I am ex-Navy, and the question is from a former Navy Nuke. If you ever read any safety manual, the highest safe voltage is 50V for shore based facilities, and 30V for sea-based facilities (i.e. ships). It is listed in OSHA, but never explained.

As an ex-navy sailor, I know the basis is based on 0.1A being deadly, and the lowest possible resistance for the human body is 500 ohms (300 ohms onboard ships), and ohms law gives you 50V. This is found in NSTM 300 app. H. I remember this vividly as it was a very popular level of knowledge question in the Navy.
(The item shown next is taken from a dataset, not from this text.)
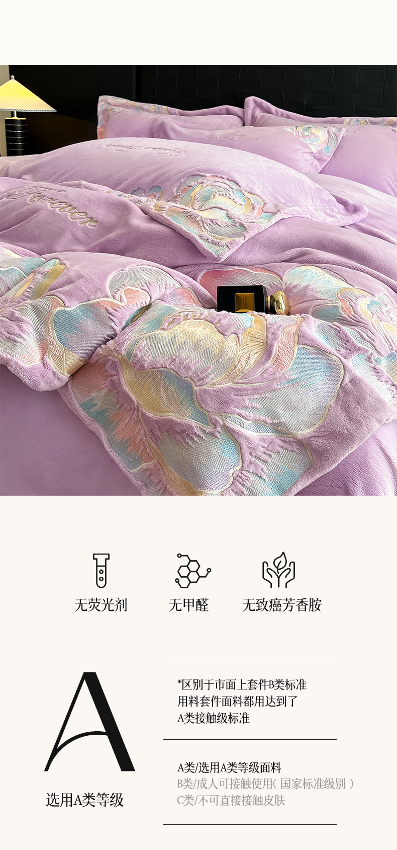 当前位置: 91家纺网 > 商品网购 > 床品套件 > 四件套 > 牛奶绒四件套 > 润锦云 2026新款大热款220克全消光刺绣牛奶绒四件套-向阳花开 向阳花开-樱花粉

As you can tell, this question still haunts me in the private sector, but I can't find the answer anywhere in OSHA and NFPA 70E, it is just implied. Has anybody run across this answer?
You are right, this rule is taught all over the industry but I have no clue who came up with it. I'm going to ask around, curious to see what you find out.

3. ## NSTM 300 App G

For those interested in where I found the requirement in the NSTM 300 appendix G:

300-g.3.2 BODY RESISTANCE. At the outset of any consideration of safety from electric shock, it is important
to recognize that the resistance of the human body cannot be relied upon to prevent a fatal shock from 115
volt or even lower voltage circuits. When the skin is dry, it has a high resistance where it makes contact with the
electrodes through which current enters and leaves the body. The resistance may be high enough in this case to
protect a person from fatal shock even if one hand touches a bare conductor on one side of a 115volt line while
the other hand (or a foot) touches a bare conductor on the other side of the line. This is an exceptional case.
Onboard a ship, it is far more likely that the skin will be wet with perspiration or salt water. The contact resistance falls when the skin is wet, and the body resistance, measured from electrode to electrode, is low. Tests made
by the National Institute of Standards and Technology show that the resistance of the human body may be as low
as 500 ohms under unfavorable conditions. In warm and moist Marine environments such as are encountered on
naval vessels, body resistance as low as 300 ohms could be experienced. If 0.1 ampere is enough to cause death,
and if the body resistance can be as low as 300 ohms, it follows immediately that circuits above 30 volts can be
fatal. All circuits, even if of only a few volts, are potentially dangerous in that they may give rise to currents that
are immediately fatal, or that keep a person from letting go and ultimately cause death if they are not rescued by
their shipmates, or that cause a person to jump and perhaps fall under conditions that will cause serious injury.
The resistance of the body itself cannot be relied upon to provide protection from shock.